**Exercise objective**
With the pictures removed, set down all of the entries below exactly.

**Dataset**
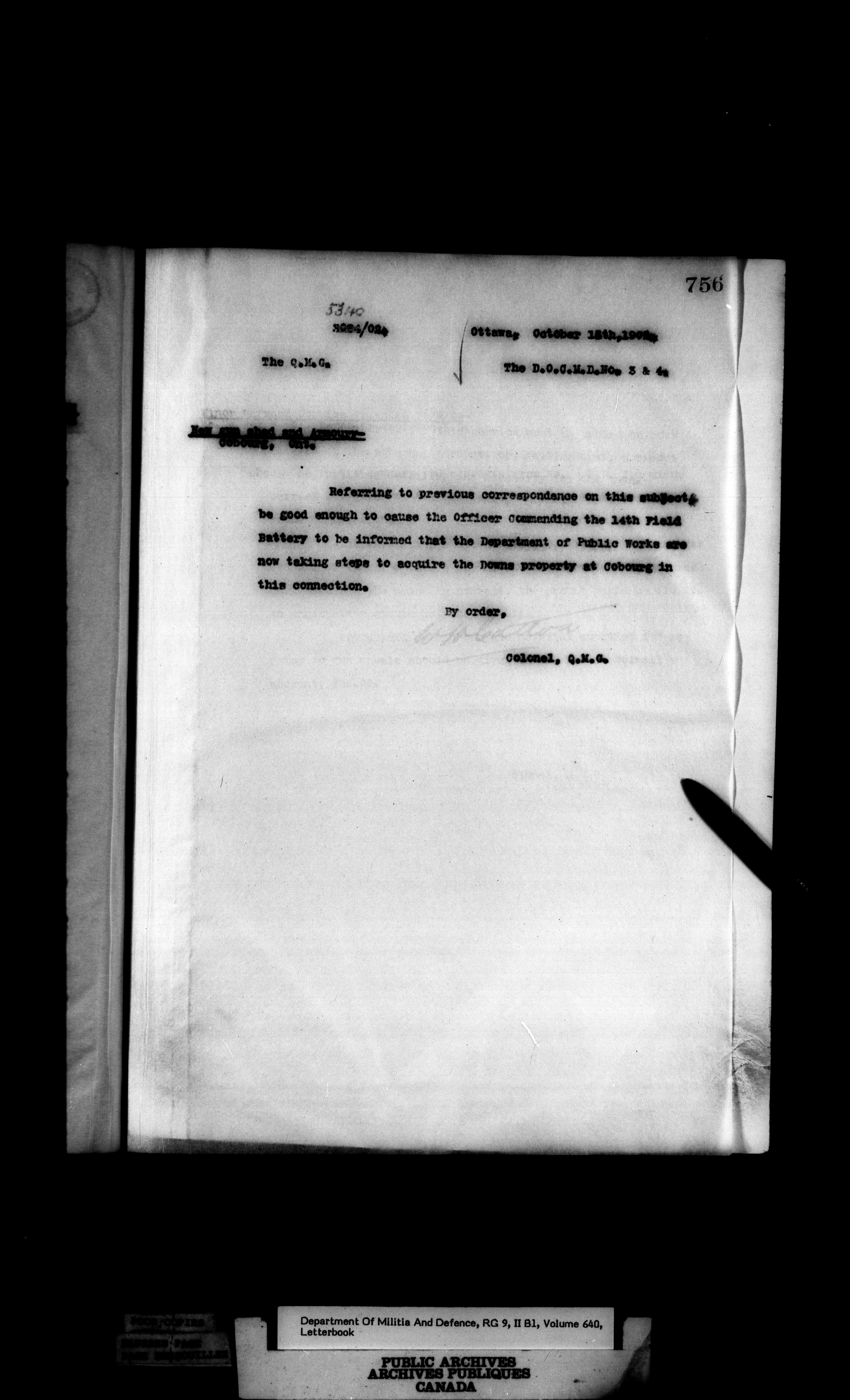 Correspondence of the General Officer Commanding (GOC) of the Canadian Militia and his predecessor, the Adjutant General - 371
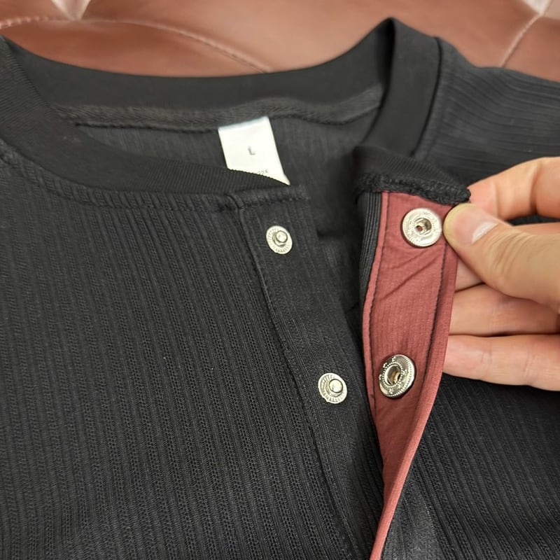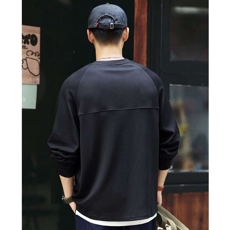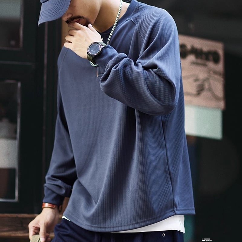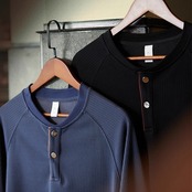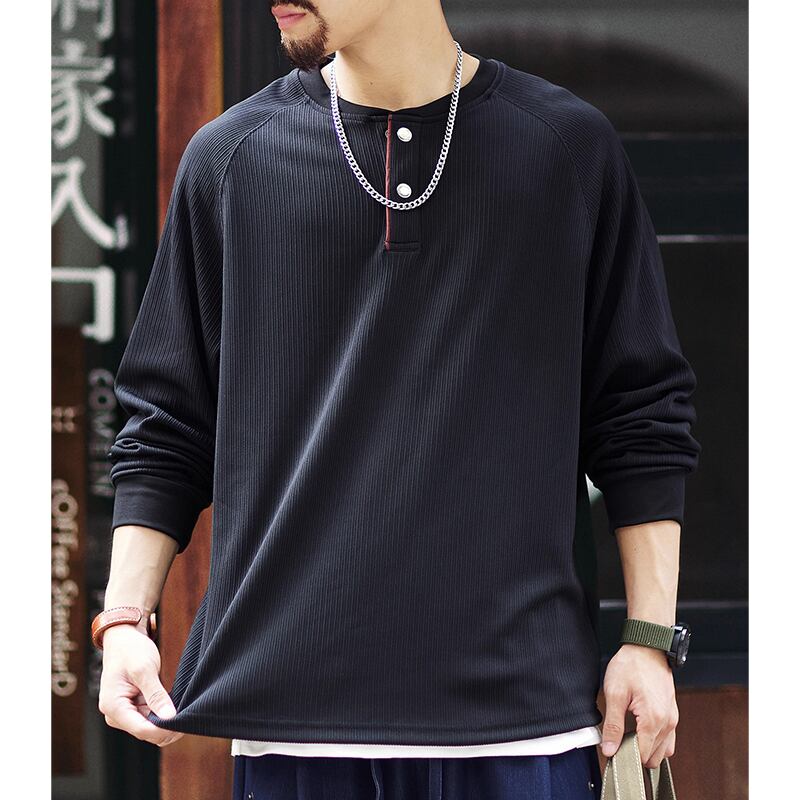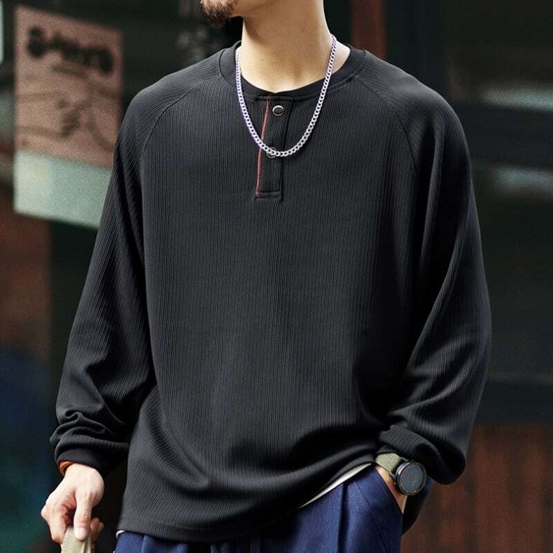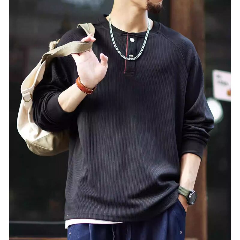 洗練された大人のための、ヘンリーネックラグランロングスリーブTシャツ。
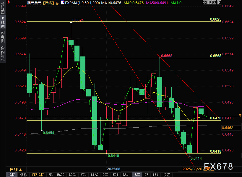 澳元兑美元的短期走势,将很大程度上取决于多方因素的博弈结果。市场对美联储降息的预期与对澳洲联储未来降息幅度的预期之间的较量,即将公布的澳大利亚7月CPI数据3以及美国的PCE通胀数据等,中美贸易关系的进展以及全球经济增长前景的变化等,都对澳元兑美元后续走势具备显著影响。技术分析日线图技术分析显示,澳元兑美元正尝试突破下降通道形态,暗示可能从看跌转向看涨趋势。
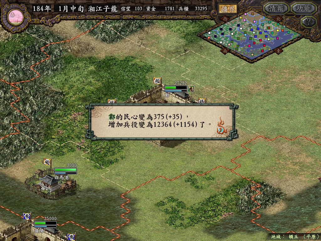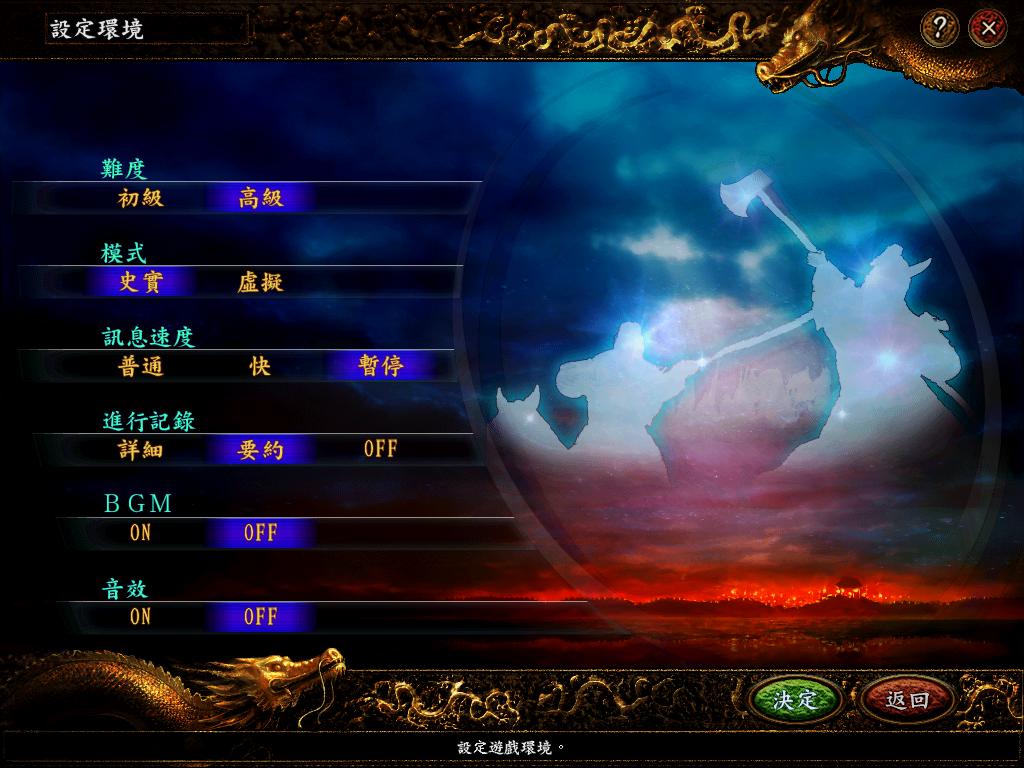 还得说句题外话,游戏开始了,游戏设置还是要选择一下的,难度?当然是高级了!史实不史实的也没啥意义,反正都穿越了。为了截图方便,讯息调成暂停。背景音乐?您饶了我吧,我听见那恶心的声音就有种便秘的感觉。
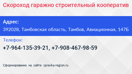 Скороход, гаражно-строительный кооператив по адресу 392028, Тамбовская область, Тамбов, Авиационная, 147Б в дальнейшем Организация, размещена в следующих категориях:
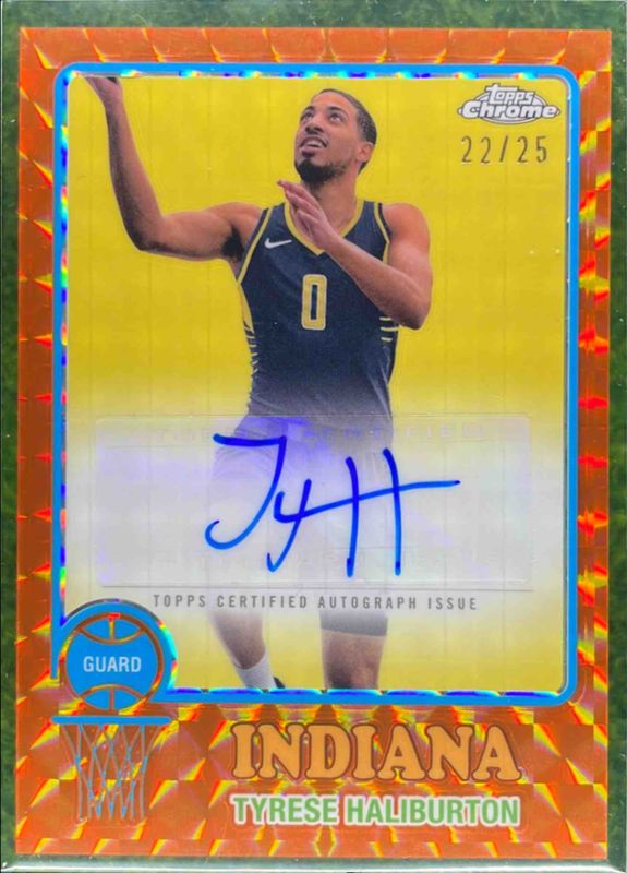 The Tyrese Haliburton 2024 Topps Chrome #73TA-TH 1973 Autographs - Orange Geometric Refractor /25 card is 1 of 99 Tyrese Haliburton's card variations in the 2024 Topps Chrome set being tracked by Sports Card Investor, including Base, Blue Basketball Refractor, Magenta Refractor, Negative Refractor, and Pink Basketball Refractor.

**Exercise answer**
 Correspondence of the General Officer Commanding (GOC) of the Canadian Militia and his predecessor, the Adjutant General - 371
 洗練された大人のための、ヘンリーネックラグランロングスリーブTシャツ。
 澳元兑美元的短期走势,将很大程度上取决于多方因素的博弈结果。市场对美联储降息的预期与对澳洲联储未来降息幅度的预期之间的较量,即将公布的澳大利亚7月CPI数据3以及美国的PCE通胀数据等,中美贸易关系的进展以及全球经济增长前景的变化等,都对澳元兑美元后续走势具备显著影响。技术分析日线图技术分析显示,澳元兑美元正尝试突破下降通道形态,暗示可能从看跌转向看涨趋势。
 还得说句题外话,游戏开始了,游戏设置还是要选择一下的,难度?当然是高级了!史实不史实的也没啥意义,反正都穿越了。为了截图方便,讯息调成暂停。背景音乐?您饶了我吧,我听见那恶心的声音就有种便秘的感觉。
 Скороход, гаражно-строительный кооператив по адресу 392028, Тамбовская область, Тамбов, Авиационная, 147Б в дальнейшем Организация, размещена в следующих категориях:
 The Tyrese Haliburton 2024 Topps Chrome #73TA-TH 1973 Autographs - Orange Geometric Refractor /25 card is 1 of 99 Tyrese Haliburton's card variations in the 2024 Topps Chrome set being tracked by Sports Card Investor, including Base, Blue Basketball Refractor, Magenta Refractor, Negative Refractor, and Pink Basketball Refractor.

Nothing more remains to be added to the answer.